The takeaway? If you don't submit an ACT or SAT score, it may hurt your application.
We did! And for schools that permanently dropped the standardized testing requirement, either before or as a result of the coronavirus, we mean it. Many schools feel that the other factors of your application—your grades, your essays, your activities, your recommendation letters—are more than enough for them to make an admissions decision without seeing an SAT score from you.
Furthermore, there is definitely evidence that the current crisis is causing schools to reevaluate their reliance on standardized testing. A handful of very competitive schools, including Tufts University, Swarthmore College, and Middlebury College, have become test-optional for the next two or three years, to evaluate whether they need the test at all. At the end of these pilot programs, it's possible these schools will drop the requirement altogether.
At the majority of these newly and temporarily test-optional schools, however, this shift is clearly a one-time policy created in response to unprecedented social, economic, and academic disruption. While these schools feel they can't require the test, it's probable that they would prefer to see a good score. Some state that applicants who submit without scores will not be penalized; others do not, leaving open the possibility that not submitting a score will hurt an applicant.
Not necessarily! Yes, there are some schools that will hold it against you if you don't submit your standardized test scores, particularly those at the top of the rankings. If other very elite schools follow Cornell, you can likely expect to see similar language in their announcements.
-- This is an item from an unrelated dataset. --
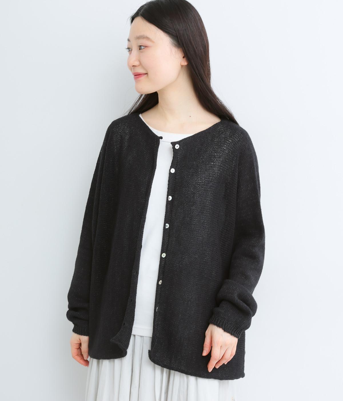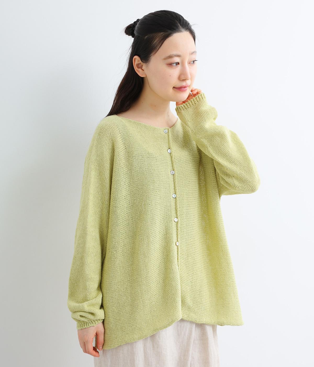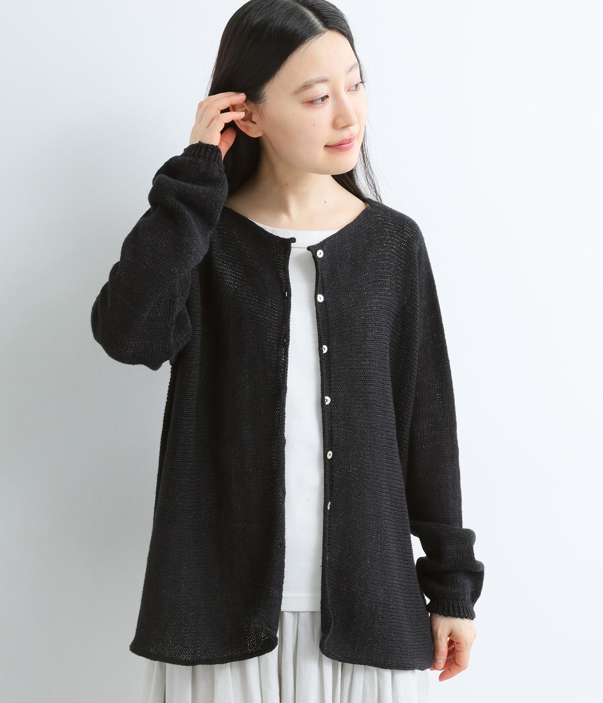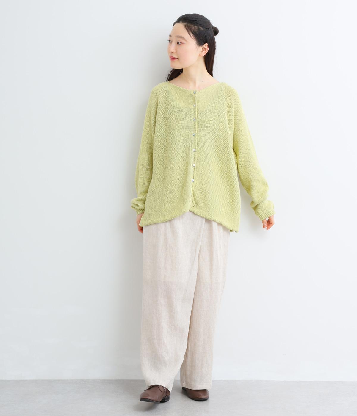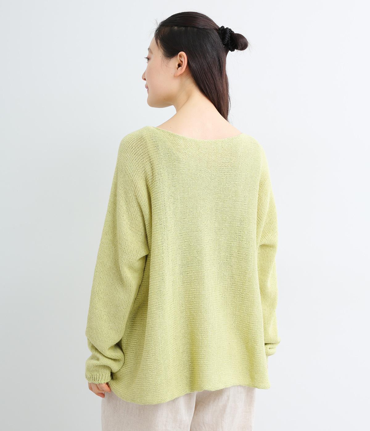 ヘンプのドライな質感がナチュラルな雰囲気を運びます。ローゲージで、ざっくりと軽やか。ごわつき感の少ないしなやかな肌ざわりで、心地よく着られます。

However, if you aren't happy with your current scores, and you end up not being able to take the test again, these announcements present you with an opportunity. Certainly, without an ACT or SAT score, admissions officers at elite schools will look even more critically at your grades, activities, service, leadership, letters, and essays. They may decide those factors are not enough to outweigh the lack of an SAT score.
Nevertheless, optional is optional; they will not reject you solely because you do not have a score. So, if you're someone with an unimpressive standardized test score but a great profile everywhere else, it could very well make sense not to submit your scores. You'll have to ask yourself (or a trusted advisor) whether the poor score is worse than submitting nothing at all.
We know how you feel. Navigating the standardized testing landscape is hard even in normal times, and these are not normal times. This is a good opportunity to take a deep breath and remind yourself that standardized test scores are just one part of your overall application. Whether you choose to submit or not, there will be plenty in your application for colleges to love.
In the meantime, given that most schools are still asking to see scores, it's a good idea to keep an eye on the latest changes and continue to prep for the intended test dates in the late summer and fall. As with everything else in the age of coronavirus, all we can do is plan for what we do know.